Post-acquisition integration: Ripping off the band-aid
In an engaging breakout session, industry experts discussed what it takes to execute a successful post-acquisition integration. Duncan Ramsay, Investment Director at ECI Partners, said the key factors are: a) whether the customer base remains post-acquisition b) cost synergies, and c) new capabilities acquired, such as territories or services. For Joaquim Borras, President of Edad & Vida, it’s a case of ripping off the band-aid – painful but quick – to minimise unrest among employees.
“Integrate as much as possible as soon as possible. Otherwise you risk losing good talent,” Joaquim said.
As for the smooth integration of the management team, it takes time to build a good rapport so the sooner you start investing in the people aspect of the deal, the better. Andy Currie, Managing Partner of Alantra, believes too much money is spent on financial and legal diligence and not enough on people diligence.
Private equity funds: The power pendulum
Relationships remained in focus for the final session of the day where Cebile Capital’s Sunaina Sinha and HPE Growth Capital’s Harry Dolman delved into the give-and-take relationship between General Partners and Limited Partners. Though LPs are the more passive investors, they are trusting the fund managers with their money and should never feel uninformed, Harry said. Exchanging information builds confidence and helps both sides know where they stand.
“Treat them as trusted business partners and they will do the same. This is a people business,” Harry said.
Both noted that the balance of power has shifted in favour of GPs, who with their record of returns and demand, are now in a position of setting the terms. Meanwhile, LPs are increasingly seeking not only financial, but also social returns on their investments, Sunaina and Harry noted. So naturally, GPs are feeling the pressure to firm up their environmental, social and governance policy, and allocate more to impact investing. Before committing their money, LPs are doing their homework and asking: Is the GP a signatory of the UN-supported Principles for Responsible Investment initiative? How do they measure impact?
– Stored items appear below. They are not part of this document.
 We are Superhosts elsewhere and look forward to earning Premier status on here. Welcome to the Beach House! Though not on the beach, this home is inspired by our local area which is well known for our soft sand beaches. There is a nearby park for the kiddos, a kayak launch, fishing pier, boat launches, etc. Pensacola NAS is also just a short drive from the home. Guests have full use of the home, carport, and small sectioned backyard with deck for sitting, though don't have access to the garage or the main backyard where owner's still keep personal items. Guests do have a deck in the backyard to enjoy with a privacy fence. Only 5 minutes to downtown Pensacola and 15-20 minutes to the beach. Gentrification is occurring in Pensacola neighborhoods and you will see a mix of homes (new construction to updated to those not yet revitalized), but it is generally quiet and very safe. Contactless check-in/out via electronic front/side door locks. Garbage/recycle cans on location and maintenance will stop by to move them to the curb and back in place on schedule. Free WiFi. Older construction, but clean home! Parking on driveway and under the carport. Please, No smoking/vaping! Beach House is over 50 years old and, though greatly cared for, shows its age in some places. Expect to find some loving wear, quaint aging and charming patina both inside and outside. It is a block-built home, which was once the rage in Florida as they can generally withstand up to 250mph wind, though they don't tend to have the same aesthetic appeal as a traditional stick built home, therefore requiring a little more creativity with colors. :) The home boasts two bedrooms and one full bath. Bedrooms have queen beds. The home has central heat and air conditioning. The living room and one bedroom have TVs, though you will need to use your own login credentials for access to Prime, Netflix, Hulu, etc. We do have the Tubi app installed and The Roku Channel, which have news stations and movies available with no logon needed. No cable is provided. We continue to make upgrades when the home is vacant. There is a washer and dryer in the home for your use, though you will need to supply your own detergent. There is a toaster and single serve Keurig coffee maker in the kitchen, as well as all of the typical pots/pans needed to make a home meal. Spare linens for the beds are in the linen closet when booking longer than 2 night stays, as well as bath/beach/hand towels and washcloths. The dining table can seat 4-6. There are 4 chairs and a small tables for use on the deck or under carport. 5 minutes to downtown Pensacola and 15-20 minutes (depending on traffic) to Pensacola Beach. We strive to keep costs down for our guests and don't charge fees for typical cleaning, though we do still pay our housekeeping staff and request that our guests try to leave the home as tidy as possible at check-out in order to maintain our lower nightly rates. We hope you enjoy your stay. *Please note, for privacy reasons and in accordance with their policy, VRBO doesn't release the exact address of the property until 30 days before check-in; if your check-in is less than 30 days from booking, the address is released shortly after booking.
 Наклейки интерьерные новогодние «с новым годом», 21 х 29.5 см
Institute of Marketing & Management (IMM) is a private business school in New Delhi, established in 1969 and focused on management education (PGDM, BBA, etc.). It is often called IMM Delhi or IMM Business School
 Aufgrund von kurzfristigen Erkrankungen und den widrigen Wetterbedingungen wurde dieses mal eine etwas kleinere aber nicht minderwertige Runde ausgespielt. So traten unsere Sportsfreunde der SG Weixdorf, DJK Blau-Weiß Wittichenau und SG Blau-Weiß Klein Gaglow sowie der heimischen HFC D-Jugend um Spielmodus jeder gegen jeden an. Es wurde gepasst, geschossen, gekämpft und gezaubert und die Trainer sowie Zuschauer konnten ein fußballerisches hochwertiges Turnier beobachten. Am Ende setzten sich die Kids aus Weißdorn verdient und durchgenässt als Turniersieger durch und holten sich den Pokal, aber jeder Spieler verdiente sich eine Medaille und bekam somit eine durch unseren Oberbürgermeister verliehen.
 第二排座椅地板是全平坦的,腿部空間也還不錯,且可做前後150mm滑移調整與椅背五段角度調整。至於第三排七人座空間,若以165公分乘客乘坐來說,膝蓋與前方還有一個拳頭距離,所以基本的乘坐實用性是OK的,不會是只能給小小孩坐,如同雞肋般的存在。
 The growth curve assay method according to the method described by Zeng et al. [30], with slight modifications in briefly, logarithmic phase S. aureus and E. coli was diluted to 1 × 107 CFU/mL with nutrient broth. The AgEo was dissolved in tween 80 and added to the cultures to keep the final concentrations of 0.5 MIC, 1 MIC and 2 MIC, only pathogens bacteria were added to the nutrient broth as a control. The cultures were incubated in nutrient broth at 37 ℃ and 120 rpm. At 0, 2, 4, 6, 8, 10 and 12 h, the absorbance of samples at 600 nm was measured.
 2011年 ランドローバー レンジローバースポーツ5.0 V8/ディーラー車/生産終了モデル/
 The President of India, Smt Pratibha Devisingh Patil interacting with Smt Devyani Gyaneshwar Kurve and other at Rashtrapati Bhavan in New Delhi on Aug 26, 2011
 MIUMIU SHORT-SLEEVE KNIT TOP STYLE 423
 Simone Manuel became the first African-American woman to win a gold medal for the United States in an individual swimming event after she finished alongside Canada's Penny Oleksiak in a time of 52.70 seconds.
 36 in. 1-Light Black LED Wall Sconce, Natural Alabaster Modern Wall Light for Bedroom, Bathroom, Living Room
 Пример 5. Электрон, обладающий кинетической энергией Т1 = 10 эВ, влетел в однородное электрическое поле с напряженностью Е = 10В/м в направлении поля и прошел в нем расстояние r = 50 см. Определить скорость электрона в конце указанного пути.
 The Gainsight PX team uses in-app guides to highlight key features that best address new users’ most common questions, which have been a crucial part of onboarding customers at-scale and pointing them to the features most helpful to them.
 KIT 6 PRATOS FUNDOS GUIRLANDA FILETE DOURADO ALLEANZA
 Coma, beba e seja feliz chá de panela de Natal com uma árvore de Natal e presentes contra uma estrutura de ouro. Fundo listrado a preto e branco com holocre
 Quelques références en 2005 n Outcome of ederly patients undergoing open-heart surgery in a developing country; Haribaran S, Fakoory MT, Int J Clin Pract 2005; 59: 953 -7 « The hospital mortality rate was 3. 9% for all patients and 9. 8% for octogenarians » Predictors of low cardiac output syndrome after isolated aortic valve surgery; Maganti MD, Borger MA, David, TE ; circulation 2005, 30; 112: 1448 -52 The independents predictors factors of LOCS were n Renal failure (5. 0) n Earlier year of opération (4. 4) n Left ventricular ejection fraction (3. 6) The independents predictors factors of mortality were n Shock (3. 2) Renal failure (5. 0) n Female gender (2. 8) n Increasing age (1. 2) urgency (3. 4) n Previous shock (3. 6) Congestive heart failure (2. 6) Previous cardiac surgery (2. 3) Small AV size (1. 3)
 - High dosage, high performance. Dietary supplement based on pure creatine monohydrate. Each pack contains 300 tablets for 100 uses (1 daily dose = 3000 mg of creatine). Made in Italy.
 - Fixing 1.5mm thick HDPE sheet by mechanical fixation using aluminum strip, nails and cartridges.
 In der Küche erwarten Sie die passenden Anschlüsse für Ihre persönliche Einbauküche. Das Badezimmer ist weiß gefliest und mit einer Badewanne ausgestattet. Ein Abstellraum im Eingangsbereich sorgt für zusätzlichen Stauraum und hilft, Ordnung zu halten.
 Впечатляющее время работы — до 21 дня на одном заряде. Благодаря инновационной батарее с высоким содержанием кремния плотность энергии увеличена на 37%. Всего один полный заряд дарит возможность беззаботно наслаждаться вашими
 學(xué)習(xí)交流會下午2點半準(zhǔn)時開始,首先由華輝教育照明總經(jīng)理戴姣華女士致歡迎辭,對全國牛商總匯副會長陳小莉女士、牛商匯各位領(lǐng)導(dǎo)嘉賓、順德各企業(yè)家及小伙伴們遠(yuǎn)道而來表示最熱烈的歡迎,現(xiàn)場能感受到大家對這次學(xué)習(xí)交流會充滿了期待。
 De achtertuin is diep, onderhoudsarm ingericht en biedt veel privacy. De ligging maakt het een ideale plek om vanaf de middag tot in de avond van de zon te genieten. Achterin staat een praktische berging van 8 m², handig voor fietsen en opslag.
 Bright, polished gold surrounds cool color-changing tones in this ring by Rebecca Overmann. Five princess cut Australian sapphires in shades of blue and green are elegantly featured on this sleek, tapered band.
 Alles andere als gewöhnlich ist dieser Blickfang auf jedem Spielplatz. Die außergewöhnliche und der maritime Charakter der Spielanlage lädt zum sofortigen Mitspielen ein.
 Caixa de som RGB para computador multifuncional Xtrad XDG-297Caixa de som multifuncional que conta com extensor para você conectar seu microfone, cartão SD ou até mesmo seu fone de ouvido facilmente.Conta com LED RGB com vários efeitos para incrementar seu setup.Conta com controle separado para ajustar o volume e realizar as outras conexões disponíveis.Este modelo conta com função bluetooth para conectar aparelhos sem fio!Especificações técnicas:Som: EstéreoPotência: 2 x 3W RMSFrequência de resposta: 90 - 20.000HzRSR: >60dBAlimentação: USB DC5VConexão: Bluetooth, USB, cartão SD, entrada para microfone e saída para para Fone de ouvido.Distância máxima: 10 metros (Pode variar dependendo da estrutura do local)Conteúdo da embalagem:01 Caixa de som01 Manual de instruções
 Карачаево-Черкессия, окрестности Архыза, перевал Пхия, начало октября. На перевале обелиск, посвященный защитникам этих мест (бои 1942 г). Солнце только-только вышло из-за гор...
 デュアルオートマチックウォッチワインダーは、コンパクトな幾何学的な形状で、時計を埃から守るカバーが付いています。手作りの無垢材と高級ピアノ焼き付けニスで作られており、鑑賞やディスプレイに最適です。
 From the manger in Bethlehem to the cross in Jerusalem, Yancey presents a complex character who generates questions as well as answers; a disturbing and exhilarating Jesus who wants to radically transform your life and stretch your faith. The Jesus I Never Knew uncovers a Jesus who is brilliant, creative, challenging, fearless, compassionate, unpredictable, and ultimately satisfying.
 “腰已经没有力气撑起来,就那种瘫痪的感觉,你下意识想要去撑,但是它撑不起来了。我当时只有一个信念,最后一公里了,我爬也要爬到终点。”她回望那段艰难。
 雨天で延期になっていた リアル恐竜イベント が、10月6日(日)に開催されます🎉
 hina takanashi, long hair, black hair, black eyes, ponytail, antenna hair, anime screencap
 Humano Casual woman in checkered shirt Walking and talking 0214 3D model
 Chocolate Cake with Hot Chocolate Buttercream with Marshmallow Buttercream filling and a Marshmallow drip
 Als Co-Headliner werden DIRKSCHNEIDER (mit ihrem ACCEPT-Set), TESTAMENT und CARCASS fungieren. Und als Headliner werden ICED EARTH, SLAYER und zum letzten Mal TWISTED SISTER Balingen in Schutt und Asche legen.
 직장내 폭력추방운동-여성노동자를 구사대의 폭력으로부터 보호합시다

The number of fund managers who have signed the PRI has grown to over 2,300 from 1,200 in 2013. The size of the global impact investing market doubled from $114 billion in 2017 to $228 billion in 2018, according to the Global Impact Investing Network.
Impact is not just a maturation of ESG, rather they are two sides of the same coin. ESG is defensive, whereas Impact is offensive – it goes one step further, Sunaina and Harry agreed.
As LP appetite for co-investment continues to grow, GP/LP relationships are expected to strengthen through the exploration of such opportunities. And when the power pendulum swings back to LPs, that is when we should see impact investing take on a much greater role in private equity and really take off.
These days, it’s difficult to go a day in the financial press without at least a mention of ESG. The topic repeatedly came up in conversation during EuroGrowth 2019, more so than in any other year that we’ve attended the event. This we believe is a testament to how money managers’ implementation of ESG principles – whether proactively or reactively – is set to become the new industry standard.